Edward Grzedzinski, age 51, served as the Chief Executive Officer of NOVA Information Systems from 1993, and Vice Chairman of US Bancorp from November 2001 to 2004. Mr. Grzedzinski has 20 years of experience in the electronic payments industry and was a co-founder of NOVA Information Systems in 1991. Mr. Grzedzinski served as a member of the Managing Committee of US Bancorp, and was a member of the Board of Directors of US Bank, N.A. Mr. Grzedzinski also served as Chairman of euroConex Technologies, Limited, a European payment processor owned by US Bancorp until November 2004 and was a member of the Board of Directors of Indus International, a global provider of enterprise asset management products and services until April 2005. Mr. Grzedzinski has served as a director of Neenah since November 30, 2004.

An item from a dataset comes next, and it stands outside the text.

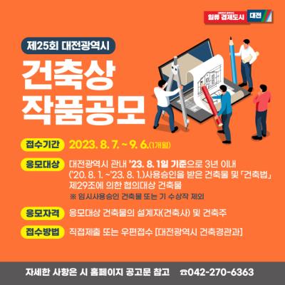 금상 1, 은상 1, 동상 2 등 총 4작품을 선정하고 오는 10월 말에 열리는‘2023년 제15회 대전건축문화제’에서 시상하고 작품을 전시한다.

MEETINGS AND COMMITTEES OF THE BOARD OF DIRECTORS

The Board of Directors conducts its business through meetings of the full Board and through committees of the Board, consisting of an Audit Committee, a Compensation Committee and a Nominating and Corporate Governance Committee (the “Nominating Comittee’’). During 2005 our Board of Directors held seven meetings, the Audit Committee held seven meetings, the Compensation Committee held five meetings and the Nominating Committee held five meetings. No director attended less than 75% of the 2005 meetings of the Board and meetings of the committees of which he or she is a member (except that Mr. McGovern as a newly appointed director did not attend any of the 2005 meetings; however, Mr. James G. Grosklaus serving as a director of Neenah did attend at least 75% of the meetings as disclosed above). Although Neenah holds regularly scheduled executive sessions of non-management directors, Neenah has not designated a single presiding director to preside at such sessions. Instead, a director is chosen on an ad hoc basis to preside at each of the executive sessions.

Audit Committee

The Audit Committee is comprised solely of directors who meet the independence requirements of the New York Stock Exchange (“NYSE”) and the Securities Exchange Act of 1934, as amended

7




(“Exchange Act”), and are financially literate, as required by NYSE rules. At least one member of the Audit Committee is an audit committee financial expert, as defined by the rules and regulations of the Securities and Exchange Commission (“SEC”). The Audit Committee has been established in accordance with Section 3(a)(58)(A) of the Exchange Act. The Audit Committee assists the Board of Directors in monitoring:

·       the quality and integrity of our financial statements;

·       our compliance with ethical policies contained in our Code of Business Conduct and Ethics and legal and regulatory requirements;

·       the independence, qualification and performance of our registered public accounting firm; and

·       the performance of our internal auditors.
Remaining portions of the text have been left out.